Alex put his hand on my face, pulling me around so he could look me in the eye. ‘If we leave him, Lila, he has more chance of surviving. We can’t get to him without getting killed. And if we did get to him, there’s nothing I can do for him here. He’ll have more chance if they reach him.’

He glanced at Jack one more time then started firing again out into the darkness where the two remaining men had gone to ground.

I stared at Alex, not comprehending, then looked back at Jack. His eyes were open and he was looking straight at me. I felt relief but it was quickly swallowed by panic. I couldn’t leave him. Then he moved one arm, the hand holding his gun, and pulled it up so it was parallel to his head.

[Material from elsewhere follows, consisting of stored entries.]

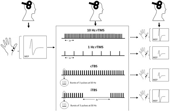 More recently, new rTMS protocols that use “patterned” forms of rTMS have been developed. Theta burst stimulation (TBS) is the most commonly used form and consists of bursts of three pulses at 50 Hz, repeated at intervals of 200 ms [53]. This protocol is based on the naturally occurring theta rhythm (5 Hz) of the hippocampus and has been shown to induce synaptic plasticity in animal experiments [54]. TBS can be delivered as a single train of bursts lasting 20–40 s (continuous TBS (cTBS)) which has a primarily inhibitory effect on cortical excitability, for instance, 40 s of continuous TBS (cTBS) reduces the amplitude of MEPs for nearly 60 min [53]. As opposed to that, the burst train can be split up into twenty 2 s sequences repeated every 10 s (intermittent TBS (iTBS)), which has mainly excitatory effects (Figure 1). A total of 190 s of iTBS increases MEPs for at least 15 min [53]. TBS has gained popularity as it induces longer-lasting effects with shorter application time and lower stimulation intensity than conventional rTMS paradigms [55], and has drastically increased time efficiency in its clinical application [56].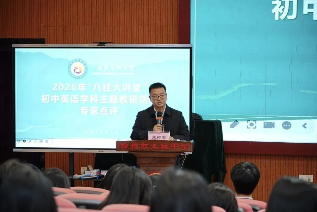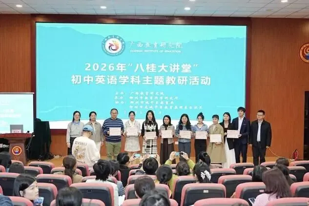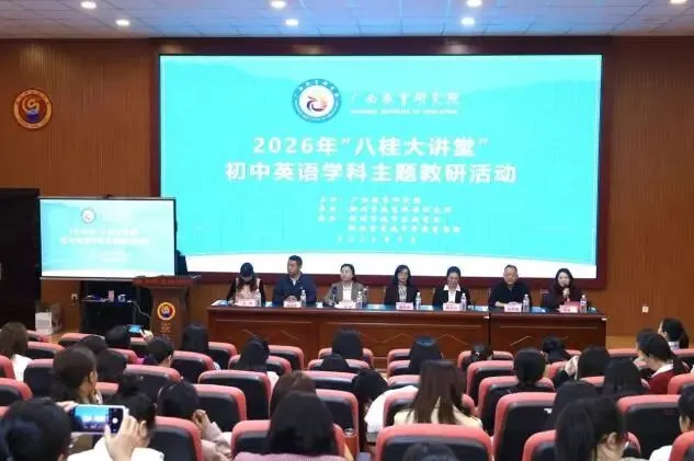 2026年3月17日-18日“八桂大讲堂”初中英语教研活动在柳州市龙城中学举行。活动由广西教育研究院主办,柳州市教育科学研究所、柳州市城中区教育局教研室、柳州市龙城中学协办,以“数智技术赋能下的‘教-学-评’一体化”为核心主题,聚焦新课标理念与课堂实践,汇聚全区英语教育同仁共研教学、共话成长,助力八桂英语教育高质量发展。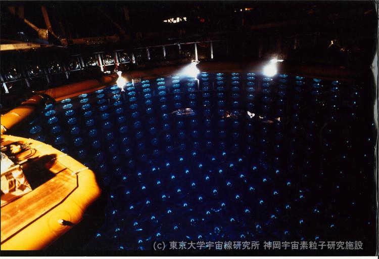 也就是说,科学家准备一个超大的水缸来与微中子产生反应,并且用超过一万个光电倍增管,来捕捉微小的契忍可夫辐射讯号。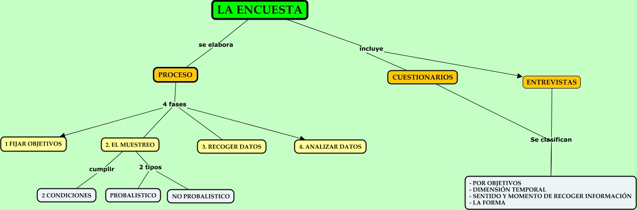 Este Cmap, tiene información relacionada con: Tema 2, ENTREVISTAS Se clasifican - POR OBJETIVOS - DIMENSIÓN TEMPORAL - SENTIDO Y MOMENTO DE RECOGER INFORMACIÓN - LA FORMA, PROCESO 4 fases 1 FIJAR OBJETIVOS, LA ENCUESTA incluye ENTREVISTAS, 2. EL MUESTREO cumplir 2 CONDICIONES, PROCESO 4 fases 4. ANALIZAR DATOS, LA ENCUESTA se elabora PROCESO, PROCESO 4 fases 2. EL MUESTREO, CUESTIONARIOS - POR OBJETIVOS - DIMENSIÓN TEMPORAL - SENTIDO Y MOMENTO DE RECOGER INFORMACIÓN - LA FORMA, 2. EL MUESTREO 2 tipos PROBALISTICO, LA ENCUESTA incluye CUESTIONARIOS, PROCESO 4 fases 3. RECOGER DATOS, 2. EL MUESTREO 2 tipos NO PROBALISTICO
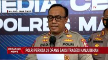 KOMPAS.TV - Polisi sudah memeriksa 29 orang saksi dan anggota polisi terkait tragedi kanjuruhan. Selain itu sejumlah CCTV di sekitar TKP juga diperiksa. <br /> <br />Kadiv Humas Polri Irjen Dedi Prasetyo menyebut, penyidikan dan pemeriksaan saksi masih terus dilakukan. <br /> <br />Baca Juga Update: Korban Tewas dalam Tragedi Kanjuruhan Bertambah Jadi 131 Jiwa di https://www.kompas.tv/article/334940/update-korban-tewas-dalam-tragedi-kanjuruhan-bertambah-jadi-131-jiwa <br /> <br />Dari 29 polisi yang diperiksa sebagai saksi, 9 di antaranya sudah dinonaktifkan. Pihak panitia pelaksana dari Arema FC akan diperiksa besok. <br /> <br />Sementara itu, terkait jumlah korban Irjen Dedi menyebut hingga Selasa sore jumlah korban meninggal masih 125 orang. <br /> <br />Namun ada data terbaru yang disampaikan oleh Gubernur Jawa Timur Khofifah Indar Parawansa, bahwa korban bertambah 6 orang, sehingga total korban tewas menjadi 131 jiwa. <br /> <br />Artikel ini bisa dilihat di : https://www.kompas.tv/article/334946/usut-kasus-tragedi-kanjuruhan-polisi-periksa-29-saksi-dan-cek-cctv-di-tkp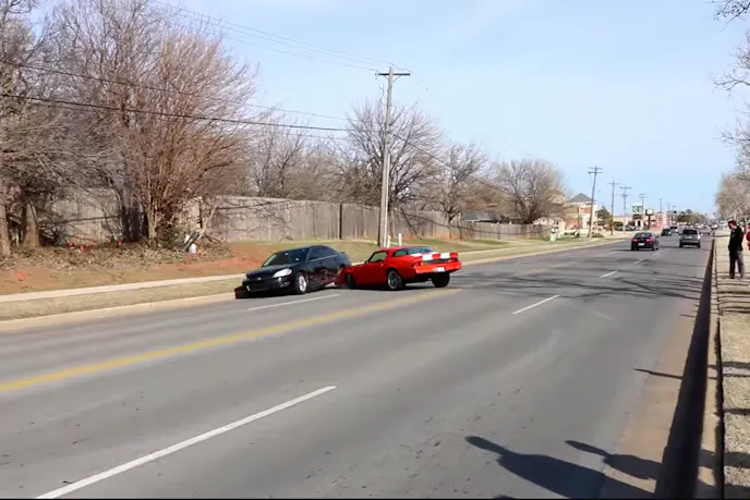 Coffee and Cars in Oklahoma City, Oklahoma, is an event that draws automotive enthusiasts the first Saturday of every month. At the conclusion of the event some attendees opt to put on a bit of a show for the crowds as they head home for the rest of the day, but sometimes things go awry.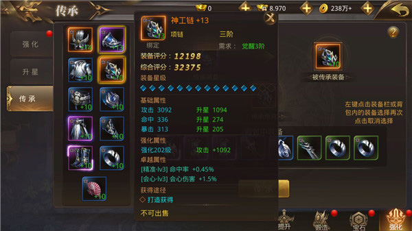 传承虽好,但并非所有装备都可进行。只有升星等级大于0的装备才可作为传承装备。且还需要传承装备升星等级大于被传承装备的升星等级。传承后,传承装备立即获得升星等级,而被传承的装备上原有的升星等级将会被覆盖掉。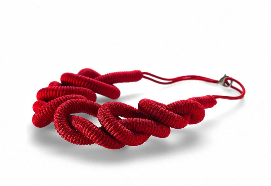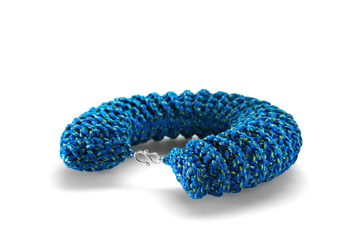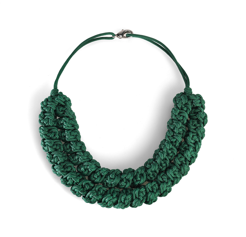 Vere e proprie sculture indossabili a carati zero.Pezzi unici ed handmade, i gioielli di Francesca Porro stupiscono l’osservatore con la loro « audacia della semplicità ». Ogni pezzo è il risultato del suo lavoro artigianale di nodi e crochet, nella persecuzione di una combinazione perfetta tra texture, forme e colori. La missione è quella di creare macrovolumi innovativi ma allo stesso tempo ergonomici, per attirare lo sguardo sul collo di chi indossa le collane Leek senza essere appariscenti a tutti i costi. La designer di gioielli rielabora le tecniche della tessitura tradizionale utilizzate nel restauro degli arazzi, traslandole in materiali più contemporanei ed inesplorati : le corde industriali in fibra sintetica. Ogni collana racconta una storia : il filo crea una trama nei grovigli, nei nodi e nei passaggi a crochet ; l’occhio si perde nelle nuance create dalle ombre degli intrecci. Comunicare con pochi elementi, essere audaci nella semplicità, distinguersi senza farsi notare sono i principi su cui si basa l’eco-design di Leek.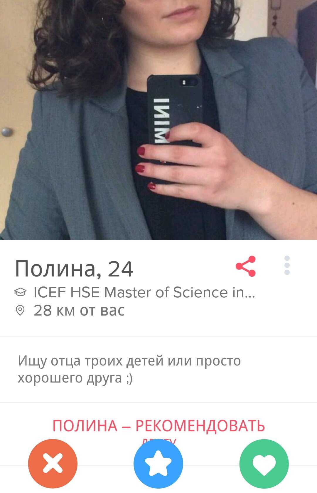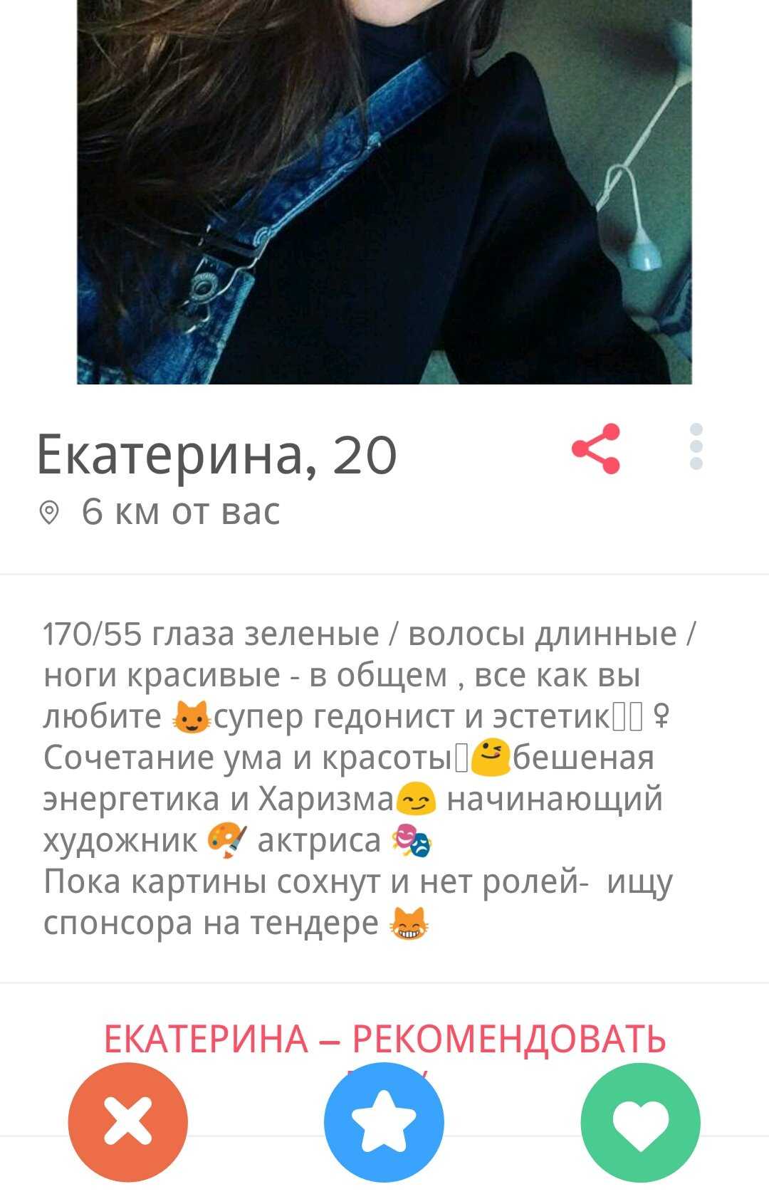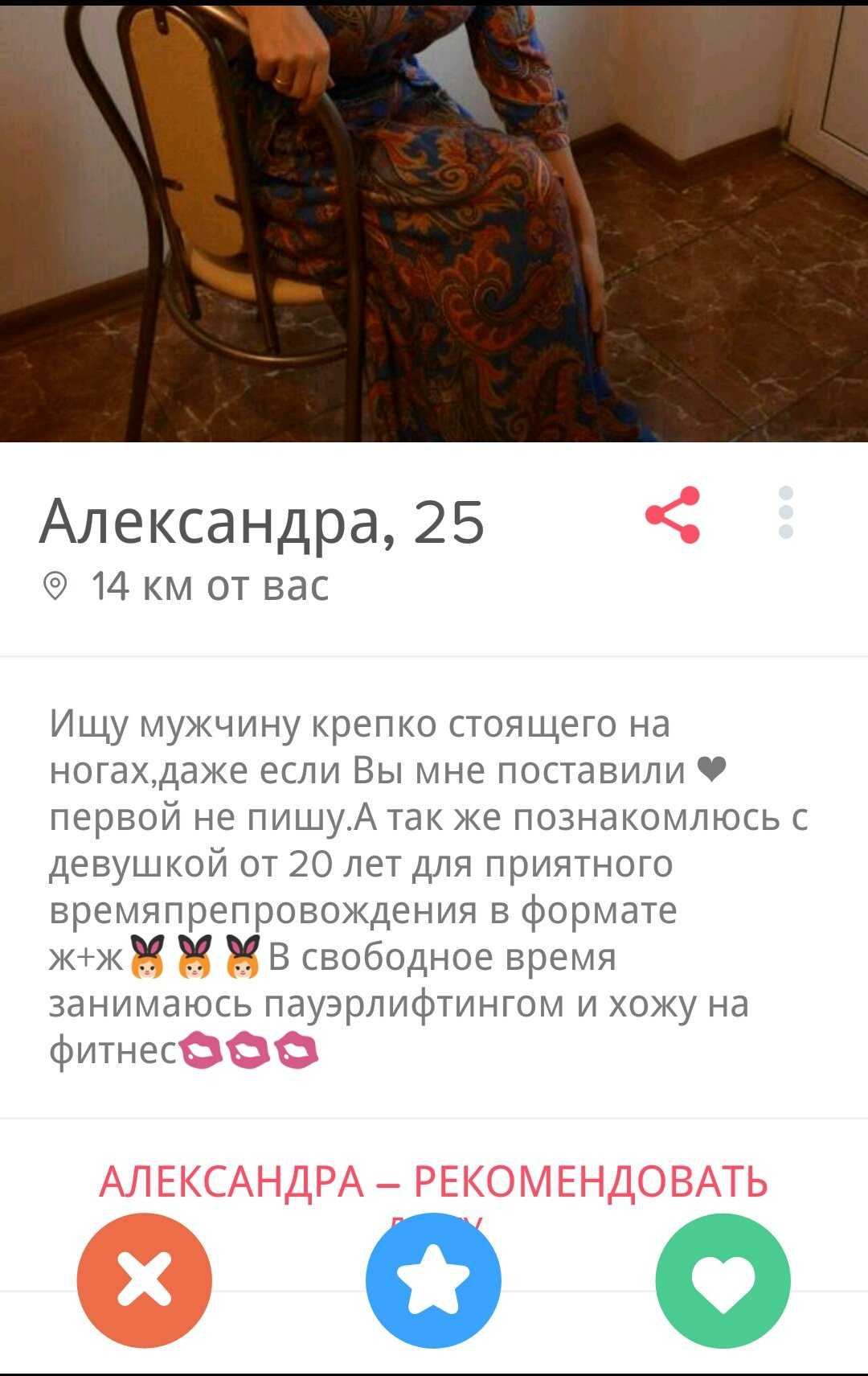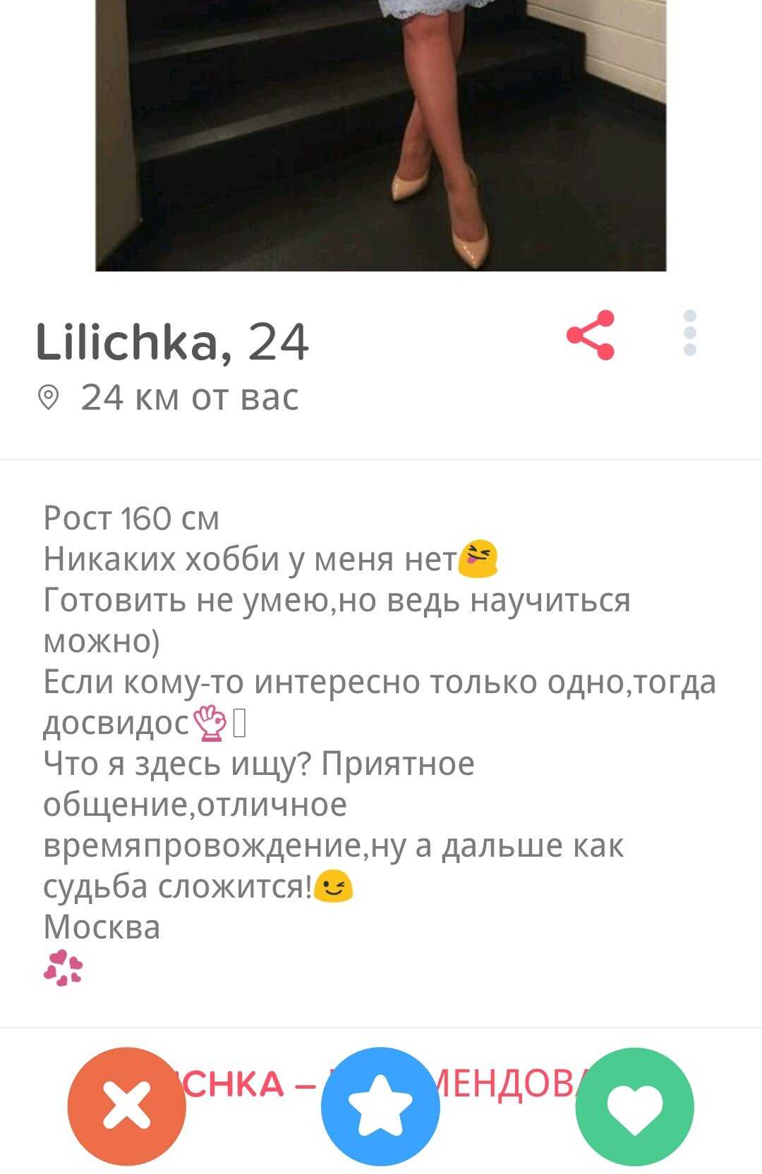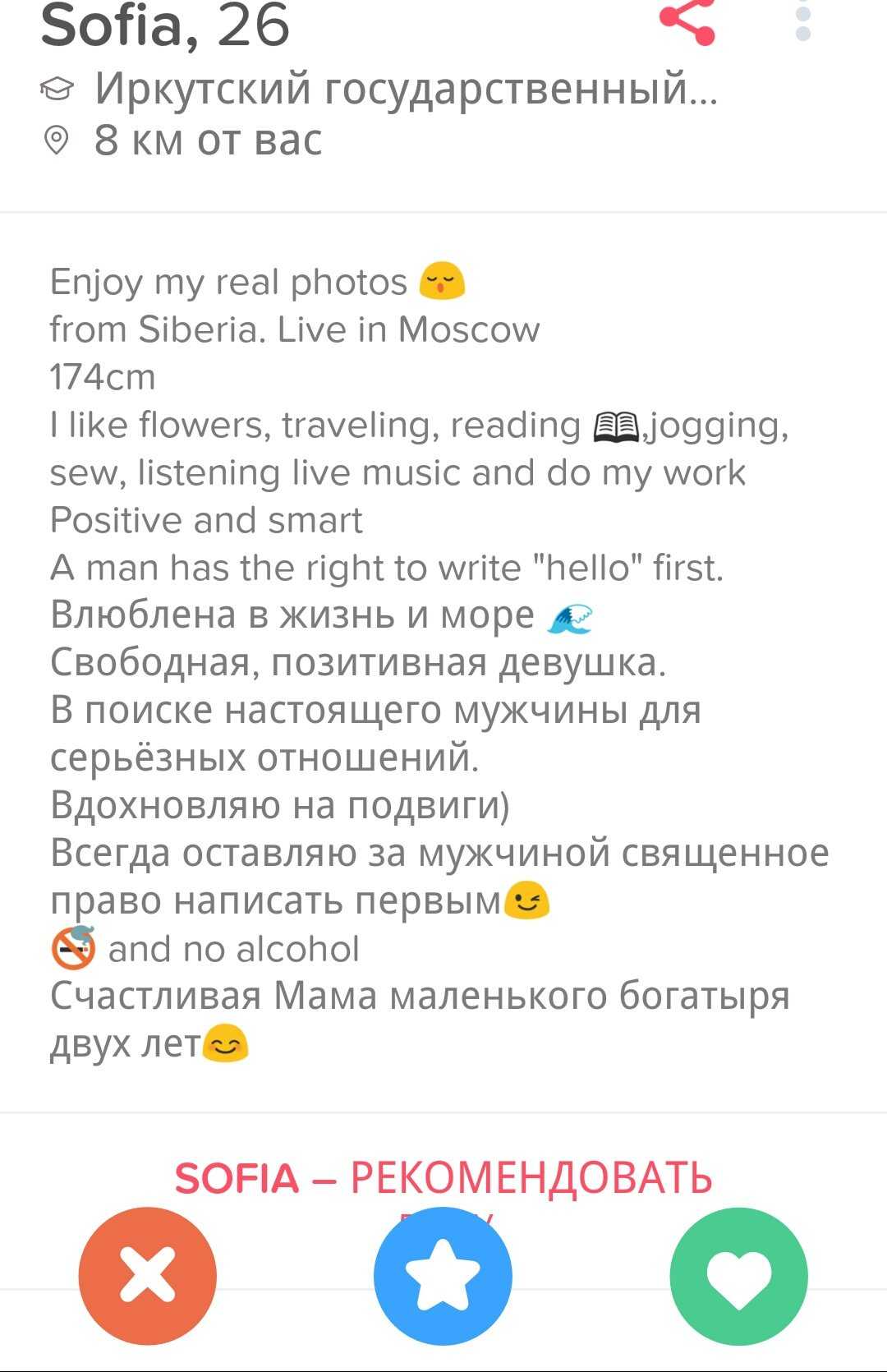 Видимо, иностранцы-то лучше понимают, what Tinder is really about. Что касается иностранок, то тут тоже целый набор критериев, по которым я, например, не подхожу. Зато все предельно конкретно, в анкетах просят далеко не кандидата в мужья. Иностранки описывают критерии для партнера для самого что ни на есть краткосрочного свидания. Это называется «трезво расценивать перспективы» и «ценить свое время». Сливать все в одну кучу — неправильно и приведет совсем не к тем результатам, на которые рассчитывают стороны.

Still looking at me, he mouthed the word ‘go’, then raised himself onto his elbows and started to fire.

‘Open the door,’ Alex shouted over the noise.

‘What?’ I stammered, my eyes still on Jack.

‘Open the car door. I can’t reach.’

I opened it without even looking at it. Then I felt myself physically lifted off the ground as Alex hauled me like I was a sack around the car door and threw me onto the front seat.

‘Head down, move!’ he yelled.

I obeyed instinctively, curling up into a ball and flattening myself across into the passenger seat. Alex was in after me in the next second, revving the engine. A bullet whined and smacked into the side of the car as he spun it into reverse and roared out onto the road. I gripped the dashboard and looked back at the dark shape lying abandoned on the ground. That was my brother. That was Jack. I saw him drop his gun and rest his head back on the ground. Alex pushed me down into the seat well. I felt the tears pounding down my face in time with the smack and hiss of bullets.

We veered off the road, Alex killing the lights so we were hurtling through blackness. He swerved violently, the wheel spinning beneath his hands. He wrestled with it while I clambered onto the seat and looked over my shoulder. We were heading away from the park gates, in the opposite direction to the blazing headlights of the third Humvee that had just appeared over the ridge. I willed Demos to move. Then the bus started to roll forward and Demos jumped on board, the men he’d been holding frozen suddenly reanimating and firing in all directions. I watched as two of them raced over to Jack and rolled him over onto his back, kicking the gun out of his hand.

Alex grabbed my hand, lacing his fingers through mine. ‘Lila, look at me. Look at me,’ he shouted.

I forced my head to turn, to look at Alex. His eyes were burning into mine. ‘Don’t look back. Just keep looking at me. It’s going to be OK,’ he said. ‘Everything’s going to be OK.’